I have 4 of these setups 3 with one needle valve and solenoid, 1 with 2 needle valve and no solenoid.

fluval spec
1 bubble per 2 seconds - last about 1 - 1.5 years! (20oz)
3bps on a 40g - 2-2.5 months (24oz)
1 bps on a 5 gallon - havent measure maybe 6+ months?
1 bps per needle valve on a 20g and a 7.5 gallon - about 3-4 months


----------



## Jsu

artup said:


> another dumb question, how do you know when your co2 is running low with just 1 gauge? My understanding is you need 2 gauge, one for pressure inside the paintball tank and one for pressure coming out into the aquarium? i might be wrong..
> 
> I know you can always see if theres no bubble coming out means ur paintball tank is empty. just wondering if you can get a heads up when to refill.


That gauge tells me the pressure from the co2 tank to the regulator. once it drops down to 100-200 psi then i know i have to fill it up with in a week or 2.


----------



## Jsu

artup said:


> oh and another question lol
> whats the purpose of "Bottom bottle adapter"?
> Can i go without, or is that a neccessary part for the connection?
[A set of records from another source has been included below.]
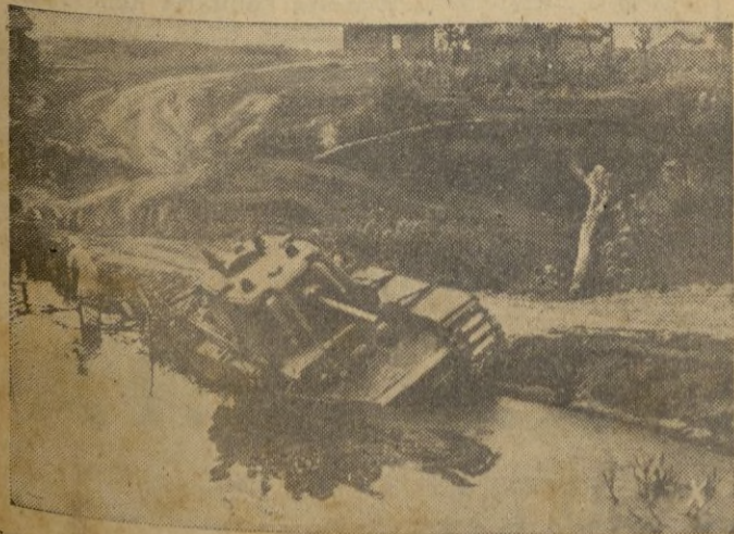
En un vano ataque contra las líneas alemanas, este tanque soviético encontró su fin en un arroyo.
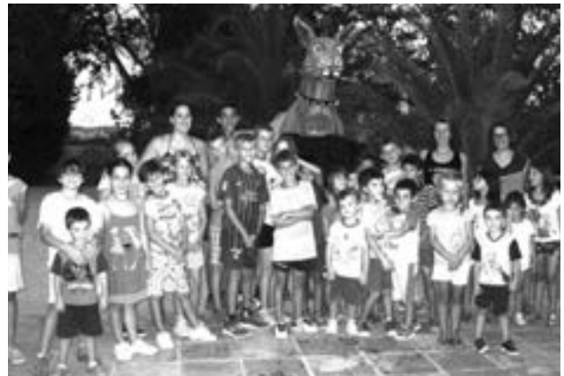
Les Colònies a l'Illot Gran
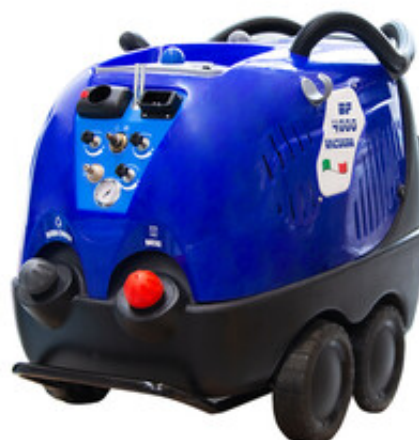
Mazzonei ST4000 Vacuum

The bottom knob/valve is an on/off valve for the paintball tank. it serve the same purpose as the adapter in picture 2, except its apart of the tank. Unlike the adapter which you have to screw onto the tank. This way i have more control of the co2 flow from the tank to the regulator and less problematic compared to the adaptor such as leaks.

I have posted pictures for 2 different modifications. can you do it without the build in valve.

the reason for the modification is to save money instead of buying expensive one time CO2 cartilages.

Coldmantis' paintball set up is the true DIY paintball Set up. If you dont have a fluval regulator THEN use his method.

I highly recommend the build in on/off valve than the screw on adaptor.


----------



## artup

oohhh.. ic.. thanks..


----------